AŞKA DAİR

Geçen hafta, 14 Şubat günü, "sevgililer Günü"idi. Dolayısı ile, gazeteler, radyolar, TV'ler,"aşka dair" yazı ve yorumlarla doluydu. "Ben de eksik kalmayayım" diye düşündüm.

Bilim insanı büyüklerimiz, "Bilim sınıflandırmadır" demişler. Ben de bilimsel yöntemlere az-çok aşina bir hekim olarak, söze, aşkı sınıflandırmakla başlayacağım.

Benim görüşüme göre, aşk iki bölümde incelenebilir. 1)Türklerin aşkı, 2)Dünyanın geri kalanının aşkı

Dünya halklarının aşkları, soyut, romantik duygularla, melankoli ile, acılarla, uykusuz gecelerle ve bunları anlatan, gönül titreten sanat eserleri ile bezeli; anlatılması zor bir kavramdır. Bu nedenle en önemli edebiyat ürünleri, aşkı anlamaya, anlatmaya uğraşan eserlerdir.

"Türklerin aşkı"ise, somut, tamamen cisimsel, elle tutulabilen tutkuların adıdır. Bu tanımlamanın içine giren, AKP iktidarı ve ,onun başı Tayyip Bey'in, makam, mevki, güç, saray, gösteriş, alayiş ve para, para, para aşkını bugün konu etmeyeceğim. Günün anlamına uygun olarak sadece iki insan arasındaki aşktan söz edeceğim.

Aşkın Türklere özgü en özet tanımını, büyük ozan "Aşık Veysel" yapmış. "Aşk nedir?" demişler; "Oğlan kızı sever, kavuşamaz aşk olur"demiş. Yani büyük ustaya göre, kavuştunmu aşk bitiyor.

Gazetelerin üçüncü sayfaları her gün, bir kaç kadının erkekler tarafından öldürülmesi haberleri ile dolu. Erkeklerin mazereti hep aynı: "Çok seviyordum, öldürdüm Hakim Bey". Adam haklı. Başka halkların erkekleri gibi, "kavuşamadım" diye niye acılar çeksin? Öldürüyor, sebep ortadan kalkınca" aşk acısı" olmuyor.

Dünya edebiyatının şaheserlerinden "Leyla ile Mecnun" hikayesinde, Mecnun, yıllar sonunda Leyla'yı gördüğünde tanımıyor; ilgilenmiyor da. Çünkü o soyut bir imaja aşık. Cisim olarak Leyla, düşüncelerinde yok.

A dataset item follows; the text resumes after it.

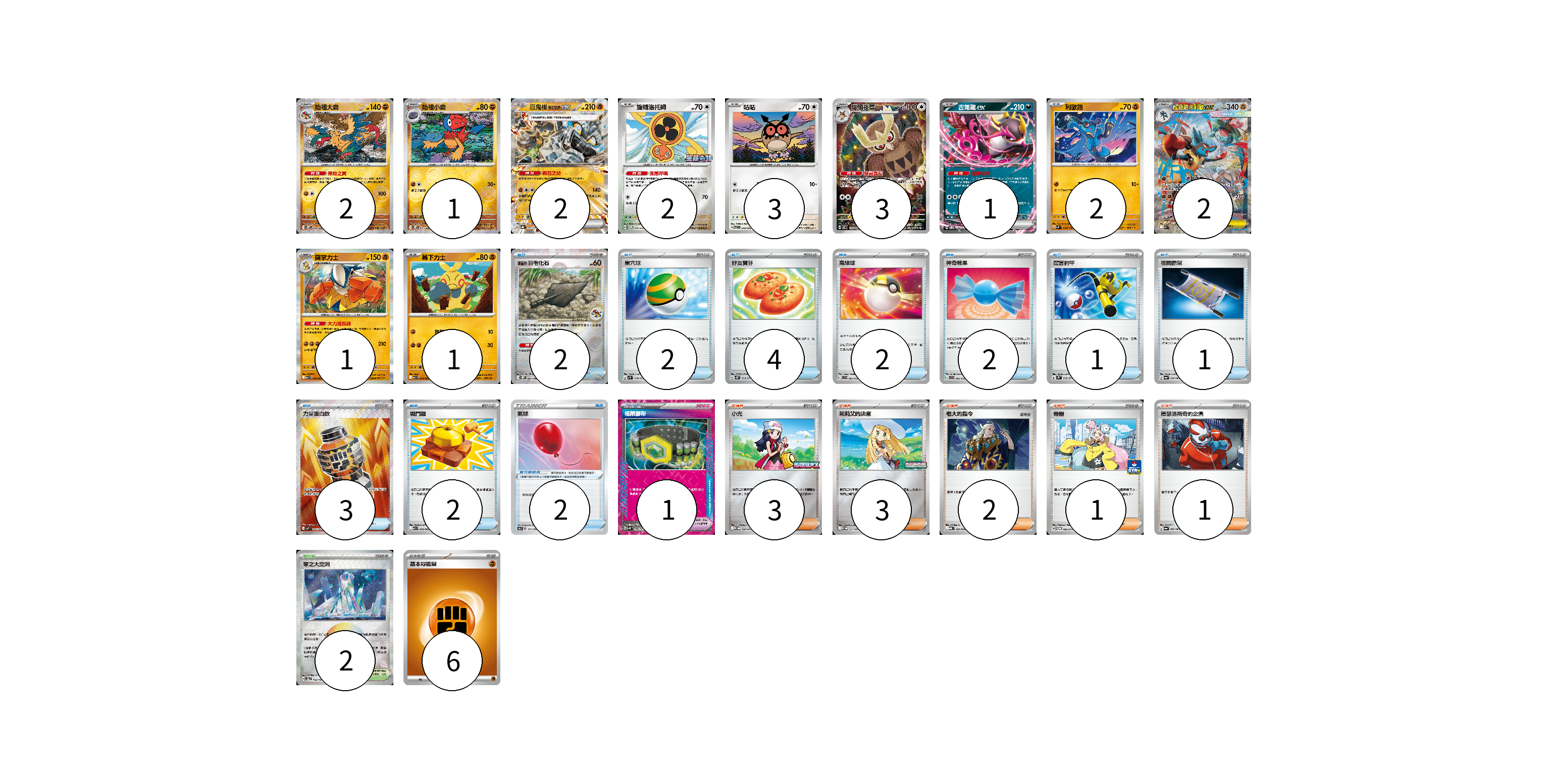 牌組構築方案 以此牌組為基礎新構築牌組 顯示卡面 顯示列表 寶可夢卡(20) 2 1 2 2 3 3 1 2 2 1 1 寶可夢道具(3) 2 1 物品卡(19) 2 2 4 2 2 1 1 3 2 支援者卡(10) 3 3 2 1 1 競技場卡(2) 2 能量卡(6) 6 寶可夢卡(20) 卡牌名稱 張數 卡牌名稱 張數 始祖大鳥 SV11W 048/086 02 始祖小鳥 SV11W 047/086 01 厄鬼椪 礎石面具ex SV8a 091/187 02 旋轉洛托姆 SV-P 146/SV-P 02 咕咕 SV7 076/102 03 貓頭夜鷹 SV7 114/102 03 吉雉雞ex SVOM 009/021 01 利歐路 SVM 064/175 02 超級路卡利歐ex M1L 088/063 02 鐵掌力士 M1L 025/063 01 幕下力士 M1L 024/063 01 寶可夢道具(3) 卡牌名稱 張數 卡牌名稱 張數 氣球 S4a 171/190 02 極限腰帶 SV5K 066/071 01 物品卡(19) 卡牌名稱 張數 卡牌名稱 張數 陳舊的羽毛化石 SV11W 081/086 02 巢穴球 SV1S 070/078 02 好友寶芬 SV5K 063/071 04 高級球 SVB 002/028 02 神奇糖果 SVB 003/028 02 厲害釣竿 SV2P 066/071 01 夜間擔架 SV6a 056/064 01 力量蛋白飲 M1L 081/063 03 戰鬥鑼 M1L 059/063 02 支援者卡(10) 卡牌名稱 張數 卡牌名稱 張數 小光 M-P 028/M-P 03 莉莉艾的決意 M-P 011/M-P 03 老大的指令 MBG 021/022 02 奇樹 SV-P 106/SV-P 01 庫瑟洛斯奇的企圖 SV6a 062/064 01 競技場卡(2) 卡牌名稱 張數 卡牌名稱 張數 零之大空洞 SV8a 182/187 02 能量卡(6) 卡牌名稱 張數 卡牌名稱 張數 基本【鬥】能量 SVAM FIG 06 以此牌組為基礎新構築牌組 牌組編碼 QqRqhy-BHdCcr-aYAQbC copy 列印牌組單 牌組編碼已複製 分享至SNS

Halbuki "Türk işi" cismani aşka en son ve çarpıcı örnek Gaziantep'ten geldi. Belediye Başkanı Fatma Hanım, "Gaziantep'e hizmet için dağları deldik" dedi ve devam etti. "Tıpkı Ferhat'ın Şirin'i deldiği gibi". Bundan güzel "Türk işi" aşk tanımı olur mu yahu.

Şöyle bağlayayım: 13-14 yaşlarımda iken rahmetli babama sordum:"Baba sen hiç aşık oldun mu?" Muzip muzip gülümsedi: "Sana bir fıkra anlatayım" dedi. "Nasrettin Hoca'ya, senin bana sorduğun gibi sormuşlar:"Hocam sen hiç aşık oldun mu?" Hoca biraz düşünmüş: "Yahu bir kere tam oluyordum, mahalleli baskına geldi" demiş.

Biz Türkler olmasak şu dünyanın hiç tadı olmayacak yani!